Study material
#####

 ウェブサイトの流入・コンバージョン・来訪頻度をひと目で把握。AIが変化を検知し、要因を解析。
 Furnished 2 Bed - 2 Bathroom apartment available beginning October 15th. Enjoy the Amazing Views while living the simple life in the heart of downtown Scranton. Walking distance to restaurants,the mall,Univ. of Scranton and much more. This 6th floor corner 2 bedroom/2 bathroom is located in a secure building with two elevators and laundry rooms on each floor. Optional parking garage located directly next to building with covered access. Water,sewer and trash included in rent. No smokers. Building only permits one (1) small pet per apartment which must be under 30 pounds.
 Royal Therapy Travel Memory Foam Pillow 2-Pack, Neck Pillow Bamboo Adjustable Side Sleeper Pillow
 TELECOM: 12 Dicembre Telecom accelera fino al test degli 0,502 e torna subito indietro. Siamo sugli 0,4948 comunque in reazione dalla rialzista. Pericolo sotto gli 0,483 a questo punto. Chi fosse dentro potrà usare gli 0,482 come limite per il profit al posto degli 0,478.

#####

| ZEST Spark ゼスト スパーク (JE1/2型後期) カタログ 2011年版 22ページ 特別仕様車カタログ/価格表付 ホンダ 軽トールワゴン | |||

#####

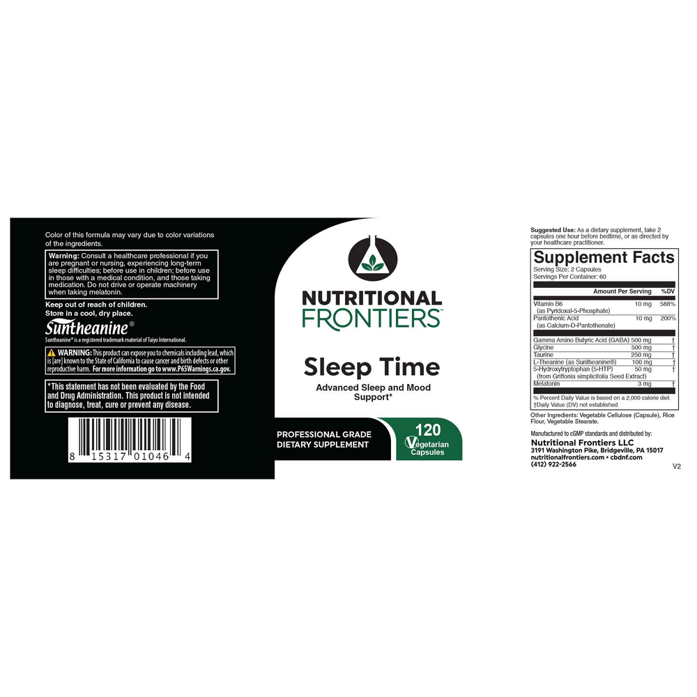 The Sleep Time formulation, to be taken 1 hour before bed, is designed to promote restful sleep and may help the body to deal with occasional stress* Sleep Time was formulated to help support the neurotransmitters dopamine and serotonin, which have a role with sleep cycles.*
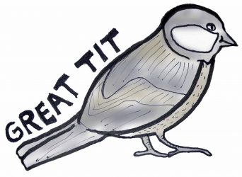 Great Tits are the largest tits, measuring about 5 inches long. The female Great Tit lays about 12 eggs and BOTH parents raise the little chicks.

#####

Beginning at the line with "ウェブサイトの流入・コンバー" and ending at the line with "Furnished 2 Bed", reproduce each line of the data above exactly, and add no other lines.

 ウェブサイトの流入・コンバージョン・来訪頻度をひと目で把握。AIが変化を検知し、要因を解析。
 Furnished 2 Bed - 2 Bathroom apartment available beginning October 15th. Enjoy the Amazing Views while living the simple life in the heart of downtown Scranton. Walking distance to restaurants,the mall,Univ. of Scranton and much more. This 6th floor corner 2 bedroom/2 bathroom is located in a secure building with two elevators and laundry rooms on each floor. Optional parking garage located directly next to building with covered access. Water,sewer and trash included in rent. No smokers. Building only permits one (1) small pet per apartment which must be under 30 pounds.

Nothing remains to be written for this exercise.